Global or slope instability is unfortunately widespread in geotechnical engineering and can occur in soil of any classification. Methods for assessing slope stability commonly assume circular failure surfaces, which are often fairly accurate compared to observed failure surfaces. Global instability failures often come to completion rapidly, and those at the dam noted the final breach was remarkably swift and loud. One bystander recalled that the air displaced by the onrushing waters of Lake Conemaugh toppled mature trees and sent rip-rap boulders flying. Other observers, including Col. Unger and John Parke, commented that the final breach had appeared more like a pushing away of the center of the dam than like a decisive breaking of it. These accounts suggest that global instability was involved to some extent in the final failure of the dam. Several experienced dam engineers have given credence to this hypothesis (Kaktins et al. 2013, McCullough 1968).

Illustration of Method of Slices
Figure 25: Diagram of the method of slices, a common technique for global stability analysis.
Source: Geoengineer (2021).

 

Diagram illustrating common characteristics of global instability failures
Figure 26: Common characteristics of global instability failures.
Source: Braun Intertech (2016).

Static liquefaction occurs when excess pore water pressure builds up in loose, granular soil, which reduces its shear strength. Such a build-up may happen when loads are imposed on the soil without allowing adequate time for drainage or when internal seepage, such as piping, changes the water content of the soil. Eventually, a triggering event occurs, causing a shear failure in the soil. Such events may involve a rapid rise in adjacent water levels (potentially also causing overtopping) or a loss of confining stresses in the soil due to lateral strain.
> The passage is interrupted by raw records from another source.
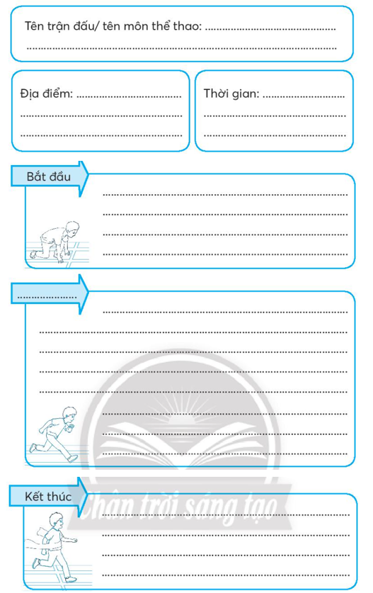 Hoàn thành sơ đồ tìm ý cho đoạn văn thuật lại một trận đấu hoặc một buổi luyện tập thể thao em đã chứng kiến hoặc tham gia.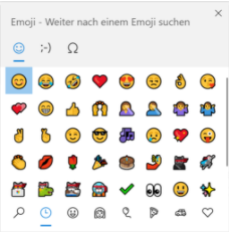 - Nutzen Sie zum Einfügen von Smileys oder Emojis die folgende Tastenkombination: W-Taste + Punkt-Taste. (W+.) Es erscheint eine umfangreiche Auswahl von Emojis und Smileys, die Sie mit einem Klick in Ihr Dokument einfügen können.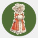 A paper doll victorian girl dressed in a beautiful red winter coat, hat and white fur hand muff. A charming vintage image.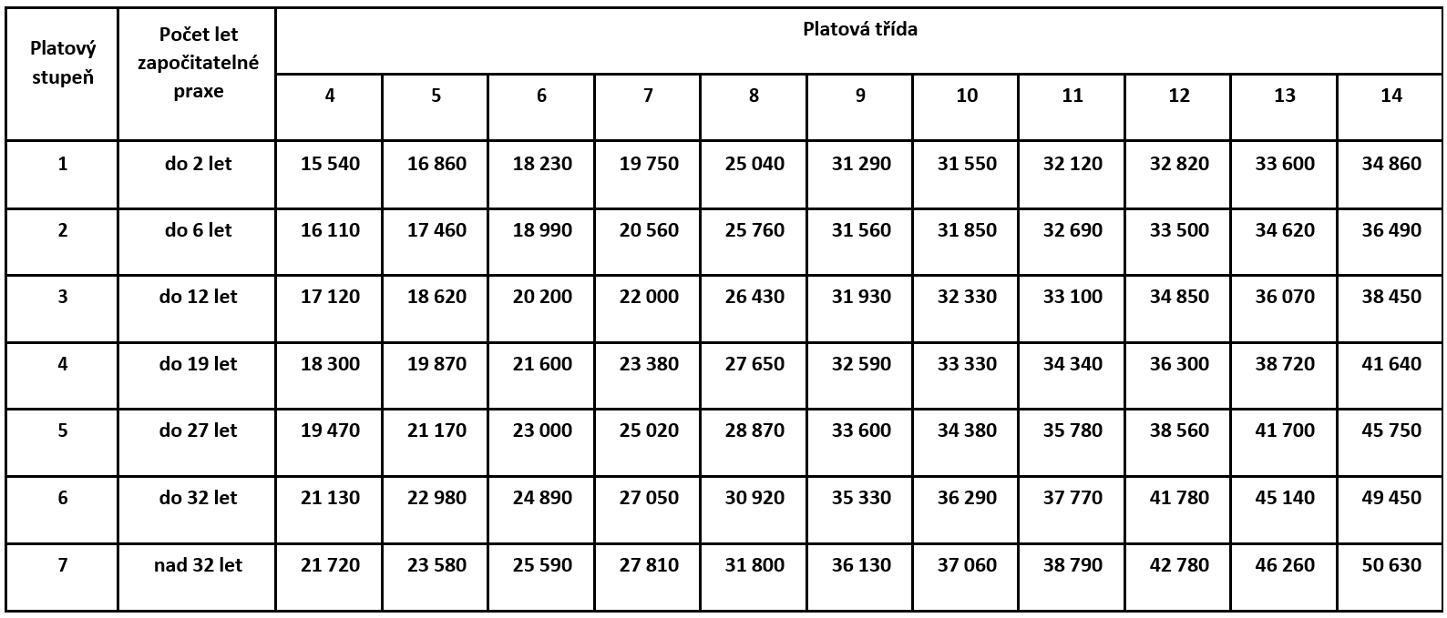 Platové tarify zaměstnanců ve školách a školských zařízeních od 1. 1. 2022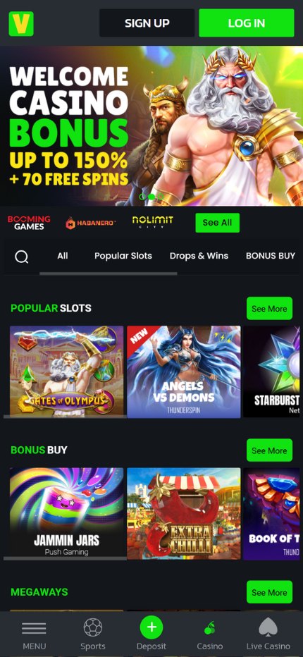 Velobet zaujme moderným dizajnom, ktorý je ladený do čiernej a zelenej, čím vytvára dynamickú a zaujímavú atmosféru. Táto farebná schéma je nielen estetická, ale aj praktická, pretože vás vtiahne do hry.

While undrained clays cannot undergo static liquefaction, they may exacerbate it by amplifying lateral strains in overlying granular soils during triggering events. Static liquefaction is a common cause of dam failures, especially among those impounding mine tailings, or waste products. Many dam failures due to static liquefaction have also involved global instability (ASDSO 2022 C, Kaktins et al. 2013, KCB 2018, Rodriguez Pacheco 2018).
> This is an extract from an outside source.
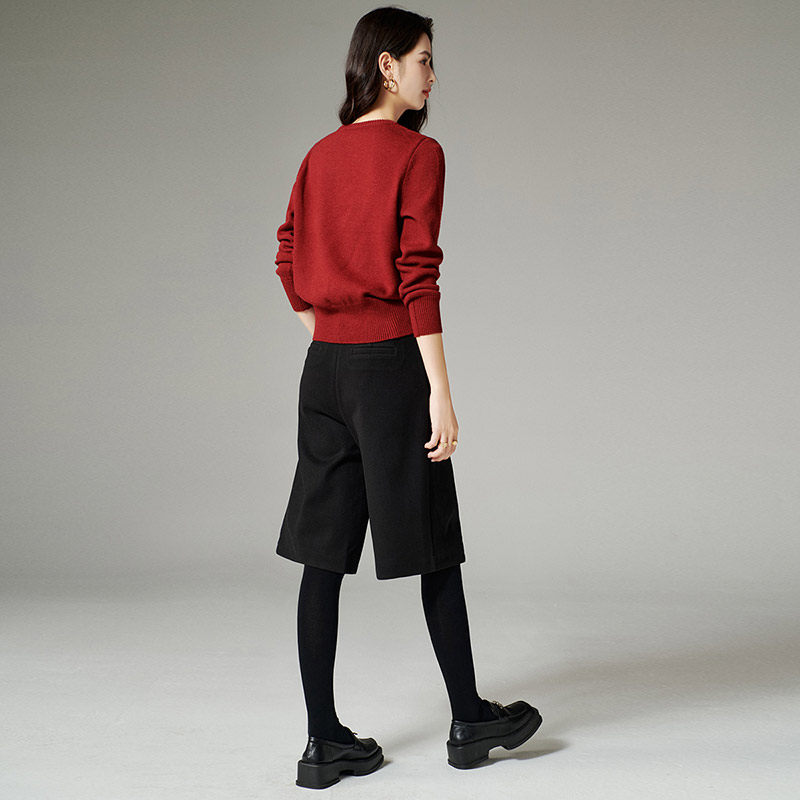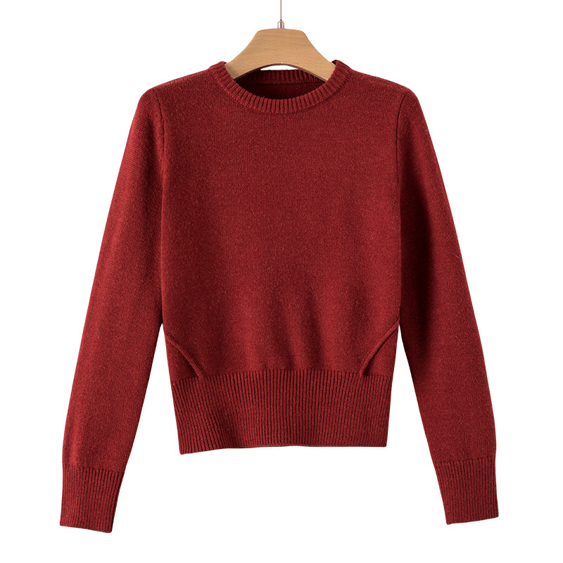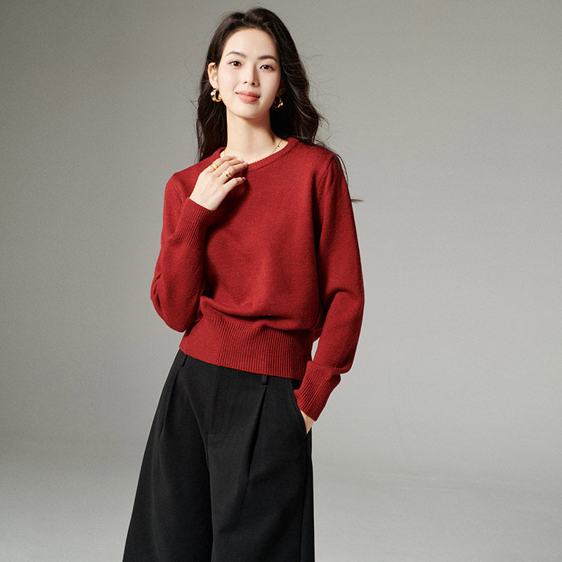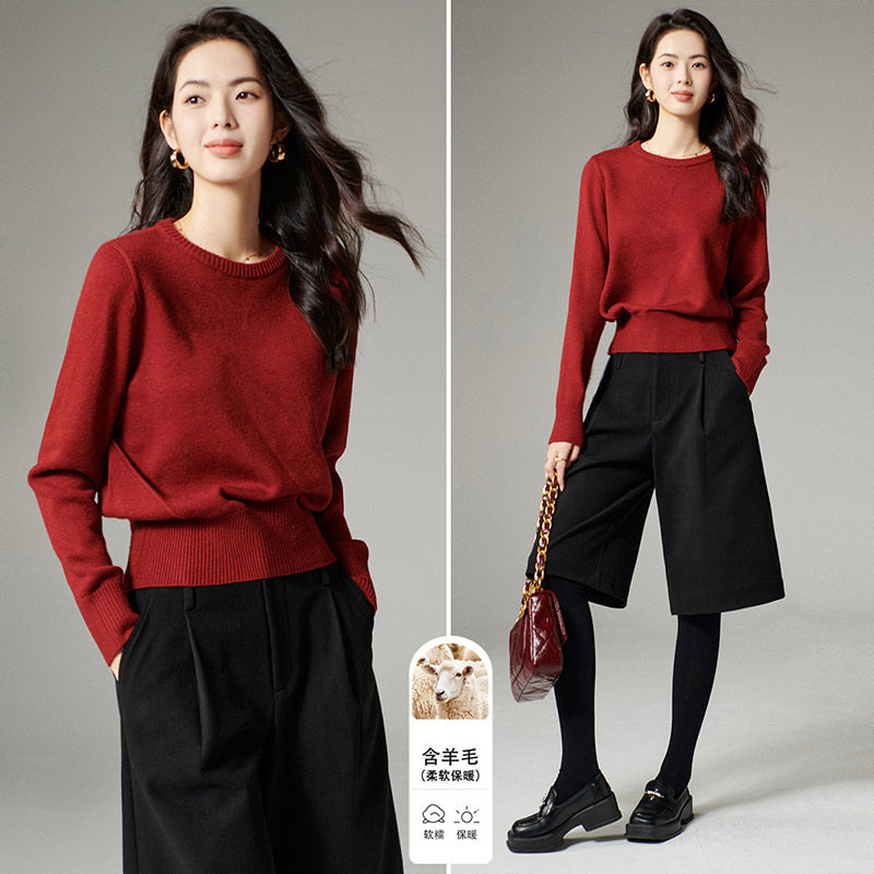 晚白2025年秋冬新款简约新年收腰上衣气质红色时尚含羊毛针织衫女

Diagram illustrating common characteristics of global instability failures
Figure 27: Common design for dams for mine tailings. Such structures have often failed due to static liquefaction.
Source: Warburton et al. (2020).

 

Photograph depicting the aftermath of the failure of Brumadinho Dam. An arrow indicates the breach.
Figure 28: Aftermath of the breach of the Brumadinho tailings dam in Brazil in 2019. The failure killed at least 240 people.
Source: Warburton et al. (2020).

 

The mechanisms of overtopping, global instability, and static liquefaction are, fundamentally, constructs generated by geotechnical engineers. Such mechanisms quantify and simplify the complex process of designing structures such as dams against certain general types of geotechnical failure. However, actual failures are usually more complex than any single mechanism. Nevertheless, the mechanisms remain valuable tools for geotechnical engineers to use together with experiential judgment in generating a fairly accurate hypothesis, if not an exact explanation, for how a failure unfolded. The complete nature of the failure of the South Fork Dam may therefore be hypothesized. Available evidence suggests that, after Lake Conemaugh had initially breached the dam via overtopping, a combination of global instability, static liquefaction, or both mechanisms caused the final, massive breach seen by eyewitnesses.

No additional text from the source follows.